Asked 18/8, 2012 at 1:47 Answered 4/5, 2017 at 16:33

Solved c++exception assignment-operator exception-safety

In Herb Sutter's book Exceptional C++ (1999), he has words in item 10's solution:

"Exception-unsafe" and "poor design" go hand in hand. If a piece of code isn't exception-safe, that's generally okay and can simply be fixed. But if a piece of code cannot be made exception-safe because of its underlying design, that almost always is a signal of its poor design.

Example 1: A function with two different responsibilities is difficult to make exception-safe.
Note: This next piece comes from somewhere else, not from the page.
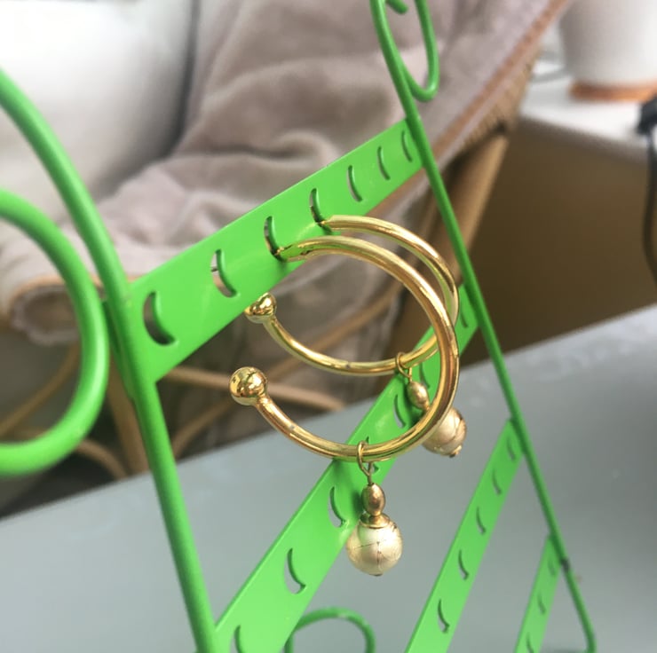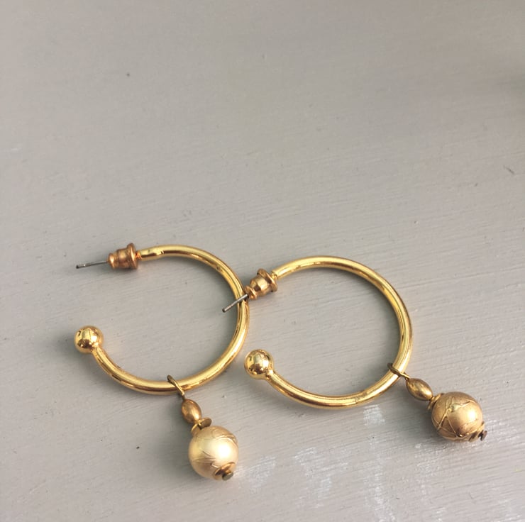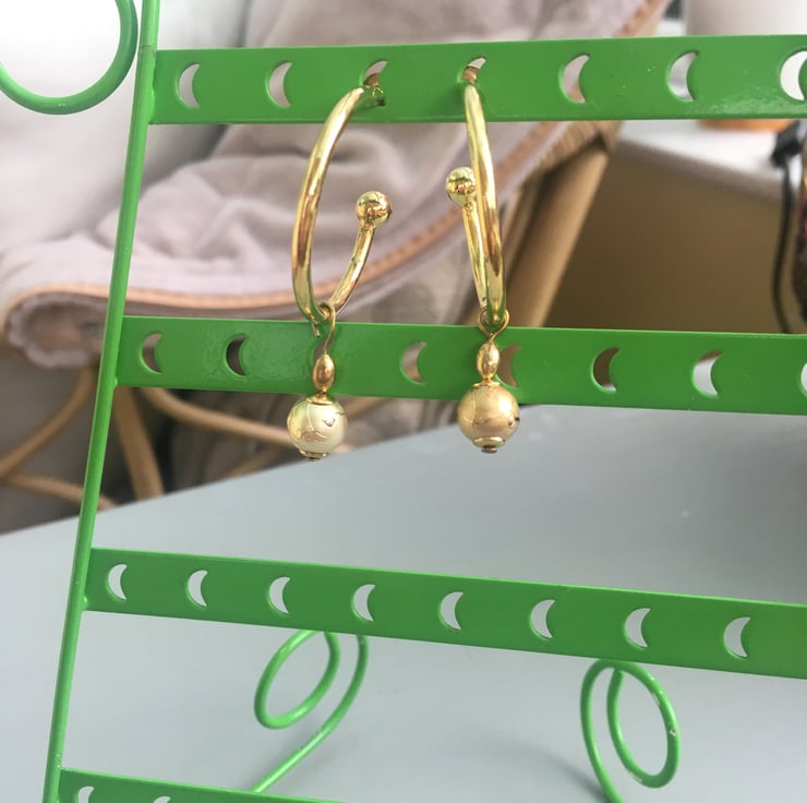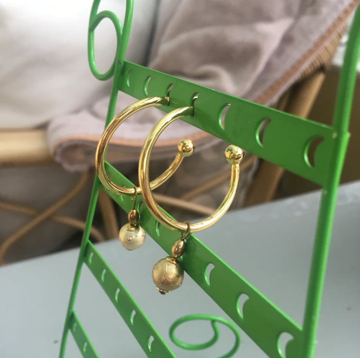 A plain pair of gold tone hoop earrings with pin fitting. Each hoop has a ball fixed to the end and a free moving brushed gold tone bead dangling from it. This moves around the hoop freely. A safety back is supplied. The drop, including the bead is about 4.5cm.

Example 2: A copy assignment operator that is written in such a way that it must check for self-assignment is probably not strongly exception-safe either

What does he mean by the term "check for self-assignment"?

[INQUIRY]

Dave and AndreyT shows us exactly what "check for self-assignment" means. That's good. But the question is not over. Why does "check for self-assignment" hurts "exception safety"(according to Hurb Sutter)? If the caller tries to do self-assignment, that "check" works as if no assignment ever occurs. Does it really hurt?

[MEMO 1] In item 38 Object Identity later in Herb's book, he explains about self-assignment.

Embellish answered 18/8, 2012 at 1:47 Comment(1)

"in such a way that it must" the most important word here is: must – Houppelande 18/8, 2012 at 3:35

A question that's of greater importance in this case would be:

"What does it mean, when a you write function in a way, that requires you to check for self assignment???"

To answer my rhetorical question: It means that a well-designed assignment operator should not need to check for self-assignment. Assigning an object to itself should work correctly (i.e. have the end-effect of "doing nothing") without performing an explicit check for self-assignment.

For example, if I wanted to implement a simplistic array class along the lines of

class array {
    // code...
 
    int *data;
    size_t n;
};

...and came up with the following implementation of the assignment operator...

array &array::operator =(const array &rhs) 
{
    delete[] data;

    n = rhs.n;
    data = new int[n];

    std::copy_n(rhs.data, n, data);

    return *this;
}

That implementation would be considered "bad" since it obviously fails in case of self-assignment.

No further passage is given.